Memory Barriers: a Hardware View for Software Hackers

On in Bookmark by Mingxing Zhang
Tags: ,

URL: http://www.rdrop.com/users/paulmck/scalability/paper/whymb.2010.07.23a.pdf

This paper gives a clear explanation on techniques for increasing cache utilization, and justify the existence of memory barriers as a necessary evil that is required to enable good performance and scalability.

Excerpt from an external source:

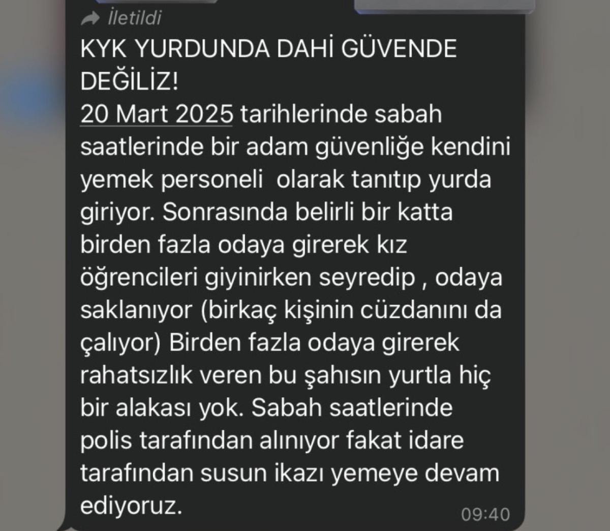Genç kızın tepkisi ve diğer öğrencilerin yardım istemesi üzerine yurt güvenlik görevlileri M.K.'yi yakaladı.

Its general structure is as follows:

  1. Presents the structure of a cache;
  2. Explains how cache-coherency protocols ensure that different per-CPU caches coordinate with each other;
  3. Describes a technique called "store buffer", which can be used to ease the performance loss caused by invalidate-acknowledgement message passing.
  4. Gives an example on why write memory barriers are needed -- Store buffers will reorder the execution of instructions to achieve better performance but we need methods to ensure some critical orders will not be undermined;
  5. Outlines another technique named "invalidate queue" for making invalidate-acknowledgement messages arrive more quickly.
  6. Gives a corresponding example on why read memory barriers are needed -- Invalidate queues will cause another kind of reordering which can be prevented by read memory barriers.

The paper also gives many quizzes and discussions on real implementations (e.g. ARM, IA64).